TASK DIRECTIONS>
Each entry below must be given again word for word, with no pictures.

EXERCISE DATA>
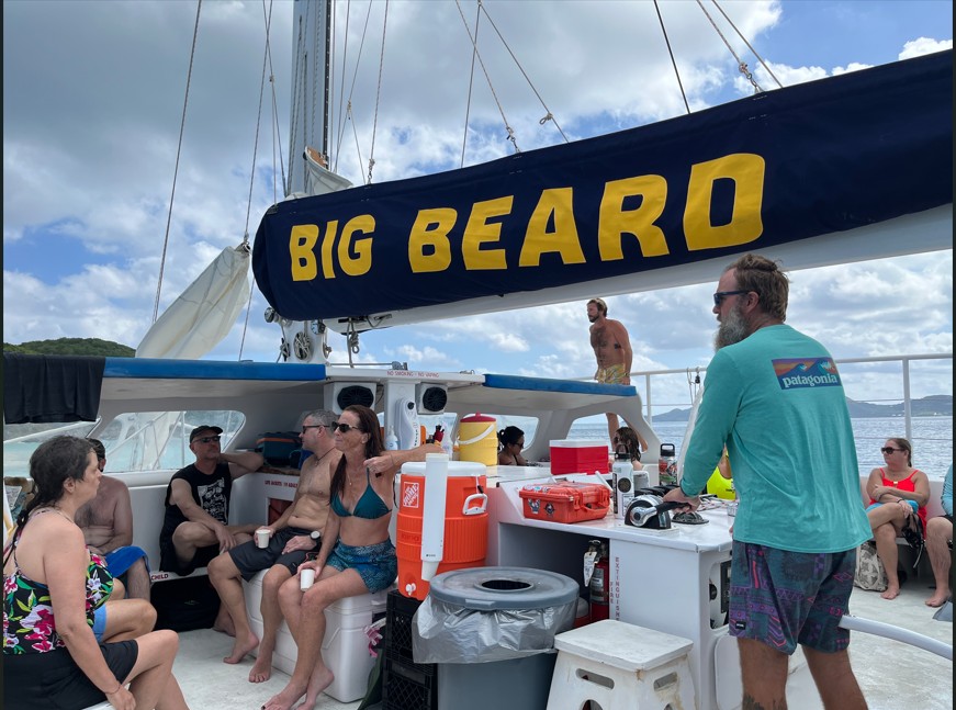 Big Beard captain at the helm, heading towards Buck Island.
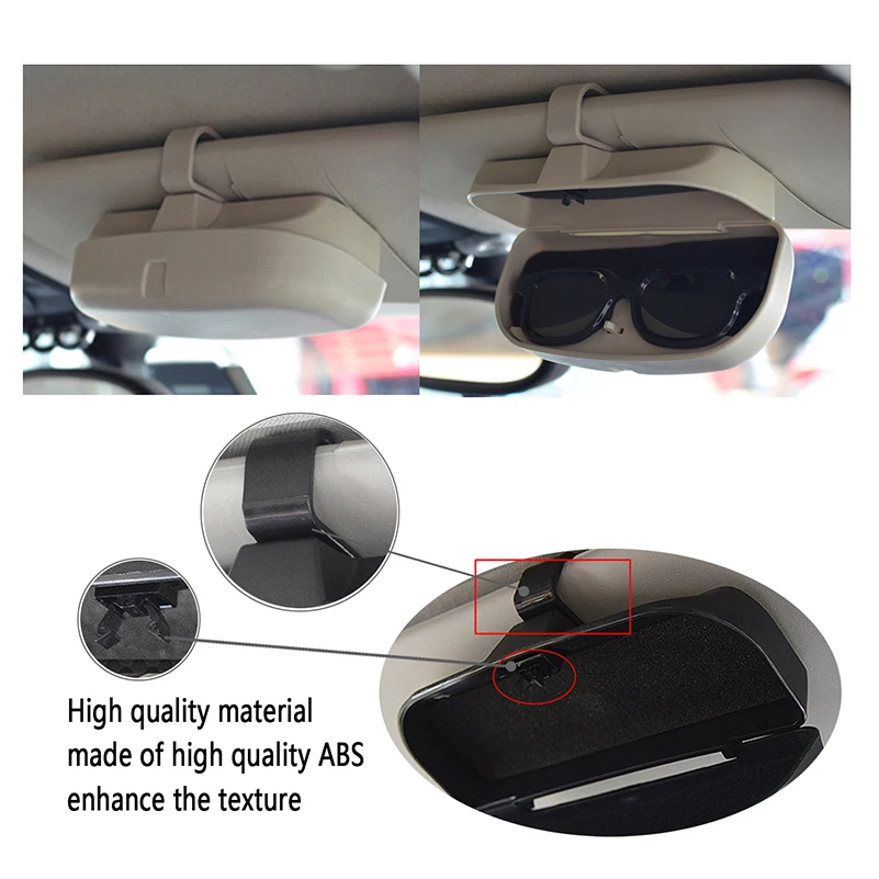 Универсальный Чехол для очков коробка для всех моделей автомобилей   Особенности: 1. 100% новый. 2. Материал: АБС-пластик. 3. Цвет: серый, черный, бежевый. 4. Научный дизайн, нет необходимости в установке, удобно. 5. Изготовлен из высококачественного АБС-пластика: прочный улучшает текстуру. 6. Универсальный: подходит для большинства моделей очков и автомобилей.   Примечание: -Пожалуйста, подтвердите размер перед оформлением заказа. -Этот товар может хранить солнцезащитные очки, деньги, ключи от машины, визитки и т. Д. -Различные мониторы могут показать разницу в цвете, пожалуйста, обратитесь к товарам, которые вы действительно получили.   Посылка: 1 шт. чехол для хранения солнцезащитных очков (очки в комплект не входят) M2
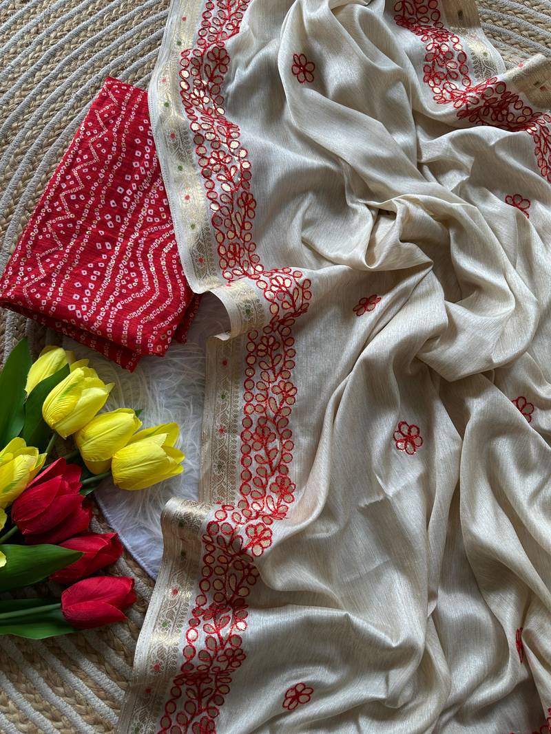 | Product Description | Superb Soft Tusser Silk Fabric With Zari Weaving Border With Beautiful Rajasthani Gotapatti Work In Saree Blouse Beautiful Raw Silk Fabric With Bandhani Print |
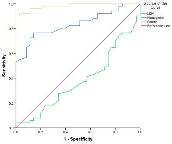 Receiver operating characteristic (ROC) curves of LDH, ferritin, and hemoglobin in diagnosis neonatal sepsis.
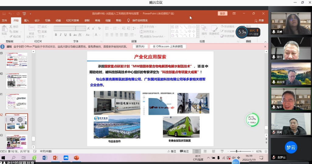 应jinnian金年会韩庆老师邀请,黑龙江大学付宏刚教授于2022年1月19日下午做客北理工“百家大讲堂”,为金年会广大师生带来题为“太阳能人工利用的思考和探索”的精彩学术报告。本次报告在腾讯会议室790 907 339进行,由杨国昱教授主持,近六十名化院师生参加了报告。
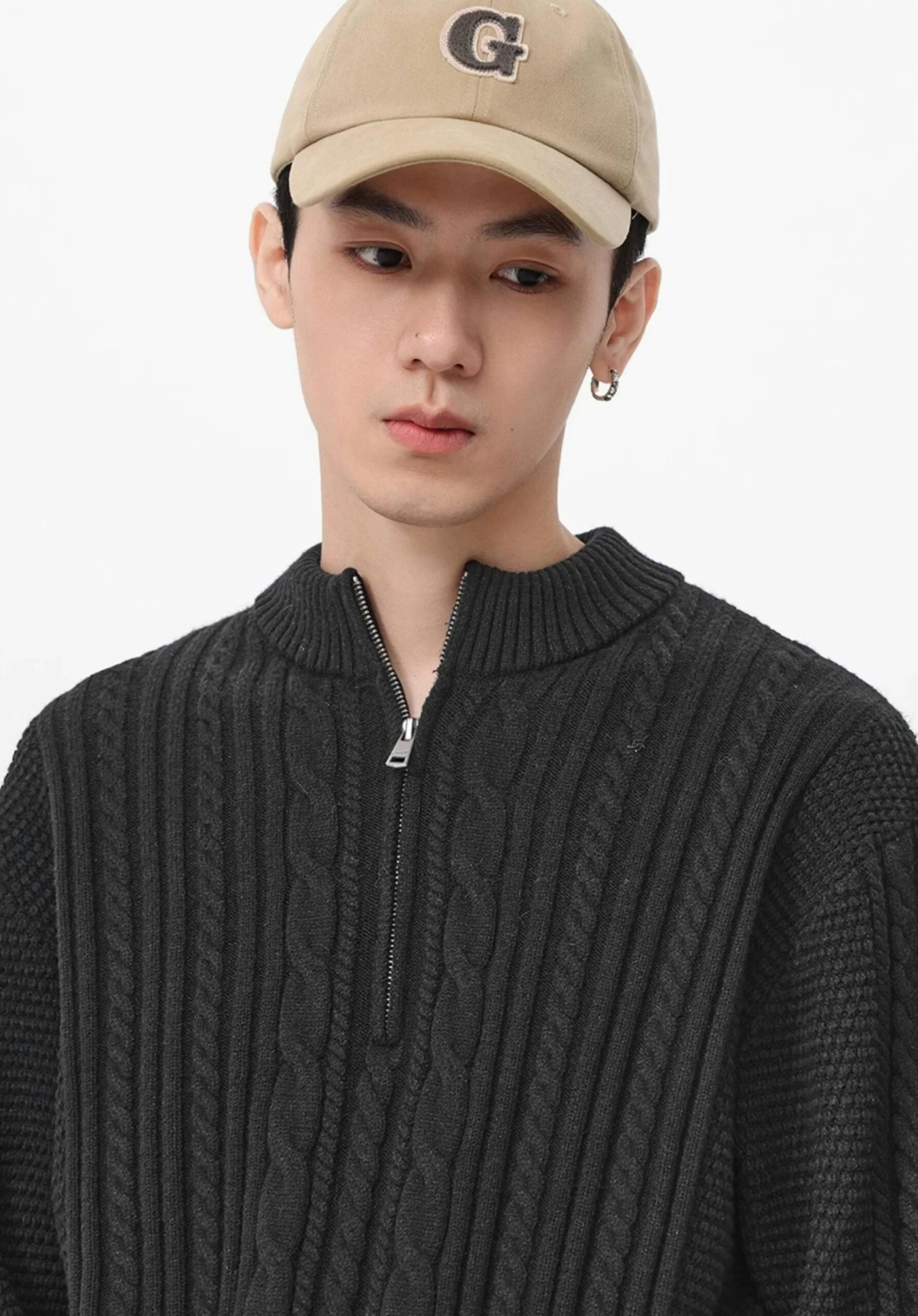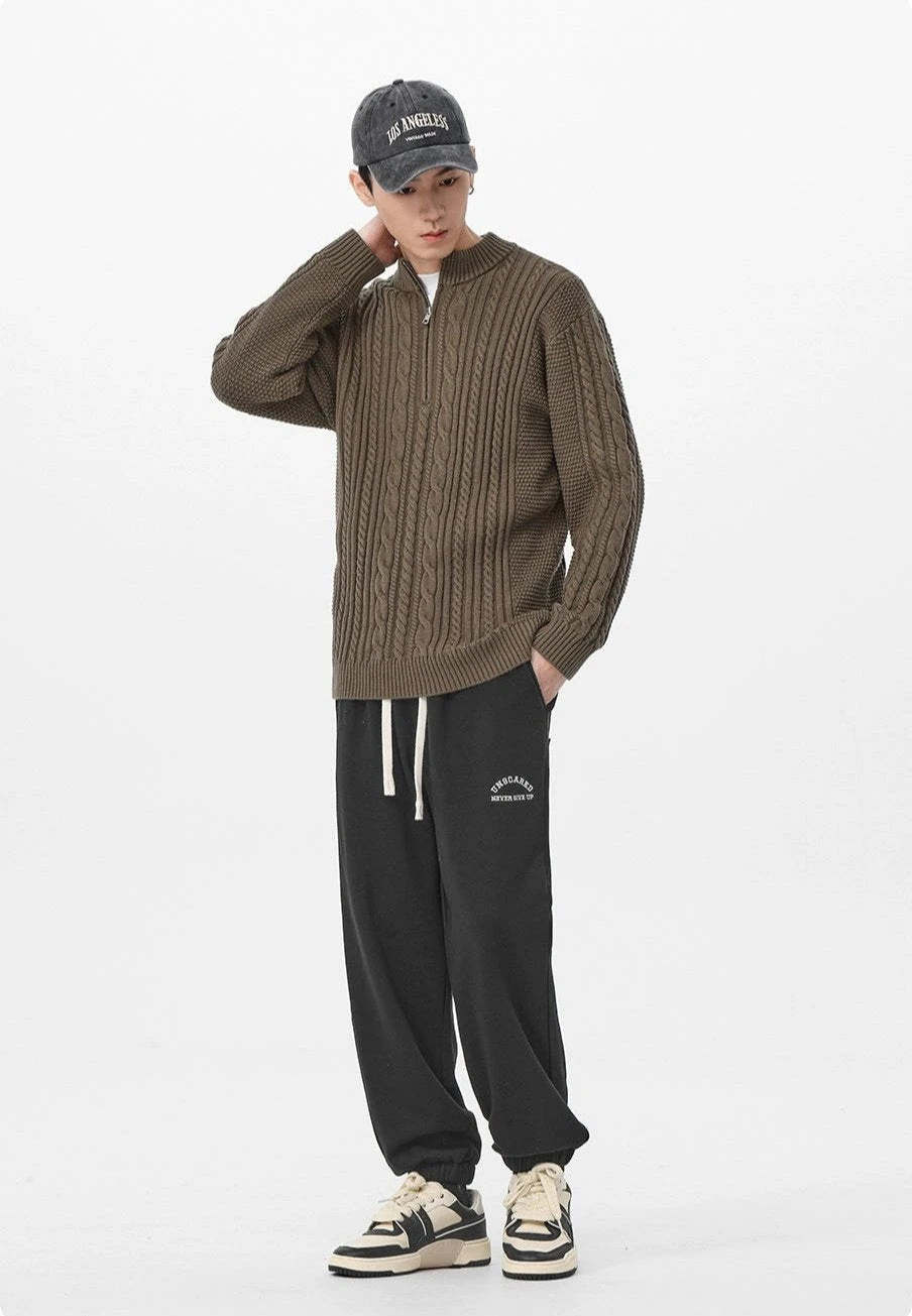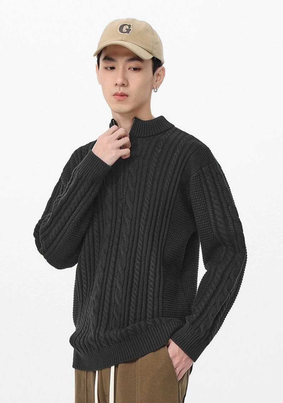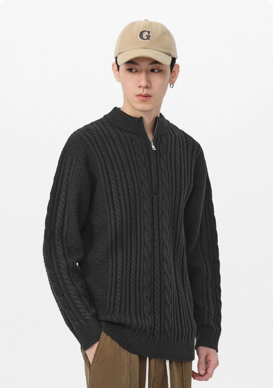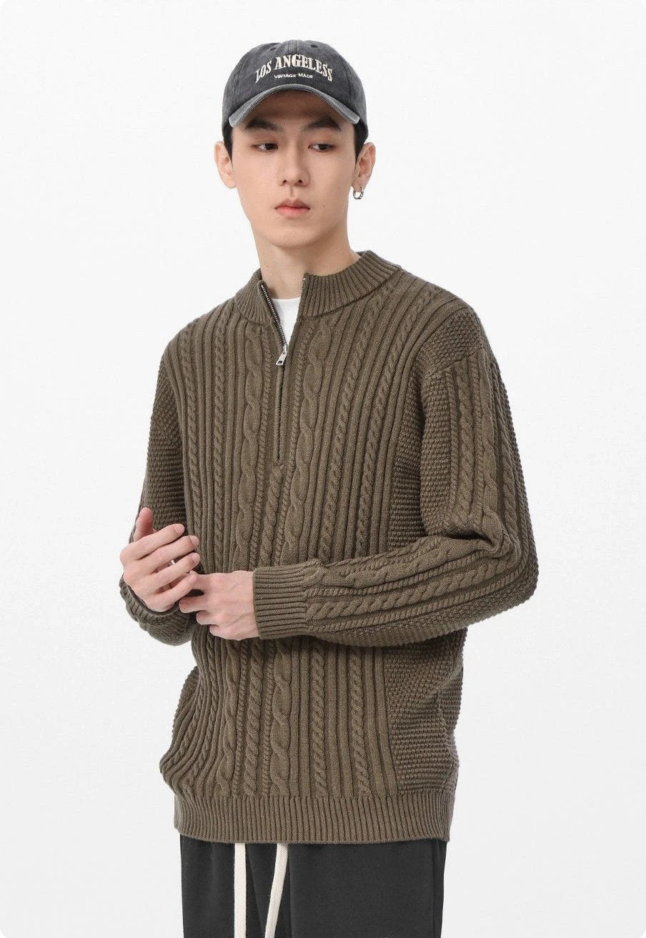 Introducing timeless comfort with an edge—the Cable Knit Zip-Up Mock Neck Sweater, a contemporary piece crafted for the modern, style-conscious individual.

EXERCISE RESPONSE>
 Big Beard captain at the helm, heading towards Buck Island.
 Универсальный Чехол для очков коробка для всех моделей автомобилей   Особенности: 1. 100% новый. 2. Материал: АБС-пластик. 3. Цвет: серый, черный, бежевый. 4. Научный дизайн, нет необходимости в установке, удобно. 5. Изготовлен из высококачественного АБС-пластика: прочный улучшает текстуру. 6. Универсальный: подходит для большинства моделей очков и автомобилей.   Примечание: -Пожалуйста, подтвердите размер перед оформлением заказа. -Этот товар может хранить солнцезащитные очки, деньги, ключи от машины, визитки и т. Д. -Различные мониторы могут показать разницу в цвете, пожалуйста, обратитесь к товарам, которые вы действительно получили.   Посылка: 1 шт. чехол для хранения солнцезащитных очков (очки в комплект не входят) M2
 | Product Description | Superb Soft Tusser Silk Fabric With Zari Weaving Border With Beautiful Rajasthani Gotapatti Work In Saree Blouse Beautiful Raw Silk Fabric With Bandhani Print |
 Receiver operating characteristic (ROC) curves of LDH, ferritin, and hemoglobin in diagnosis neonatal sepsis.
 应jinnian金年会韩庆老师邀请,黑龙江大学付宏刚教授于2022年1月19日下午做客北理工“百家大讲堂”,为金年会广大师生带来题为“太阳能人工利用的思考和探索”的精彩学术报告。本次报告在腾讯会议室790 907 339进行,由杨国昱教授主持,近六十名化院师生参加了报告。
 Introducing timeless comfort with an edge—the Cable Knit Zip-Up Mock Neck Sweater, a contemporary piece crafted for the modern, style-conscious individual.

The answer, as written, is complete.